# Moving to Dover, DE



## RacerJRP (Jul 25, 2007)

I am headed down to Dover, DE for school and was hoping somebody could shed some light on weekly rides? A and B rides in particular. Training crits...?

I am going to Wesley College and will be living about 1.5mi from the Speedway.

Thanks!


----------



## bbronov (Jul 15, 2010)

I just started riding with a group in Dover, but here's what I know so far:

Weekend ride are on both Saturday and Sunday. Saturday rides depart Greentree Shopping center on Forrest @ 9:00am. Sunday leaves from the same place @ 8:00am until the time switch back to standard time, then it moves to Wyoming Park @ 12:00. There are Tuesday night rides, I think they depart Wyoming Park @ 5:30pm. Apparently there are also Wednesday and Friday rides too, but I'm unsure of the particulars. Both start points are reasonably close to the college. There's no group breakdown, that I'm aware of...the weekend rides are no-drop, and evidently Tuesday nights the hammers come out to play. I haven't done the weeknight rides yet. For more info, google the Downstate Striders and Riders and click on the Rides link. Don't pay attention to the times though, they're incorrect.


----------



## Har (Oct 16, 2002)

*Camden Wyoming Tues at 515*

Camden Wyoming Tues at 515, Good organized ride with 15 to 25 riders up tempo with a few sprints allong the way. Any other rides going on this group will know about, Lot of organized rides coming up in Sept.

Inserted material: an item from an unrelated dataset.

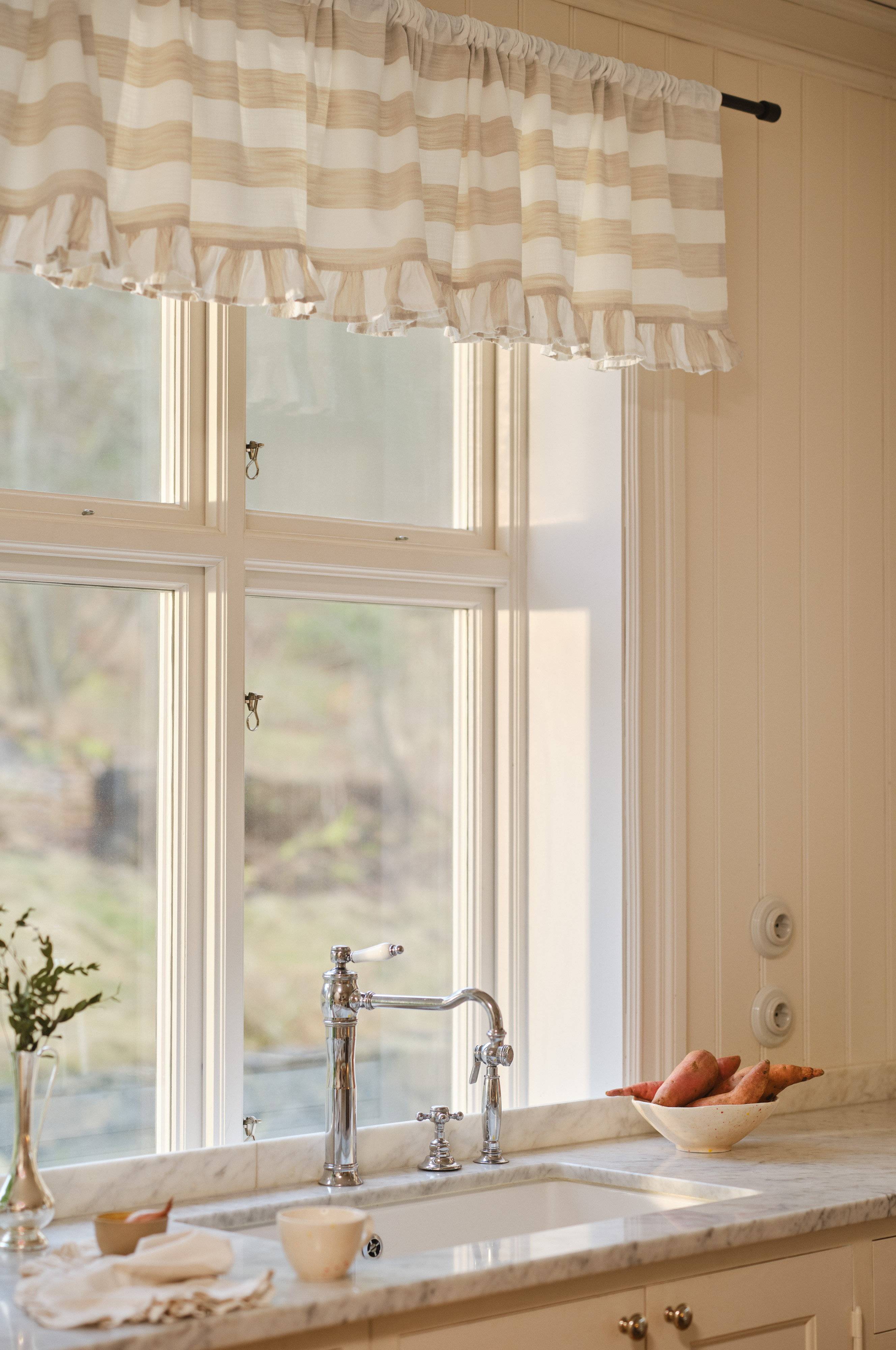 Der Vorhang-Volant IRIS bringt mit seinem Vintage-Charme einen zeitlosen Charme in deine Einrichtung. Der weiche Baumwollstoff verspricht Komfort und Eleganz. Das garngefärbte Streifenmuster sorgt für ein subtiles visuelles Interesse, während der Volant am unteren Rand ein zartes, auffälliges Detail schafft, das perfekt für stilvolle Wohnräume ist.

Some of this crew comes down to Milford for the thursday night beat down. Smaller group but hard paced.


----------



## Becky (Jun 15, 2004)

Check out whiteclaybicycleclub.org. Although they're prominantly a northern DE club, they do post some info for stuff down your way. The Tuesday night Wyoming ride is listed....


----------



## RacerJRP (Jul 25, 2007)

Thanks guys, keep the info coming.


----------



## frdfandc (Nov 27, 2007)

IIRC, there is a ride that leaves out from Middletown Bike Line on Wed. evenings. From what I'm told its a 20 mile hammer fest. Usually a nice pace heading from Middletown to Chesapeake City, but the return ride is hammer down.


----------



## RacerJRP (Jul 25, 2007)

I am going to try and get to the wyoming park ride tomorrow evening. Its going to be close as I have a class that isnt scheduled to end until 4:45. So first goal is to make the ride. Second goal is to hope my fat out of shape ass doesnt get dropped and lost haha. The weather should be great!


Anybody going to be there tomorrow?


----------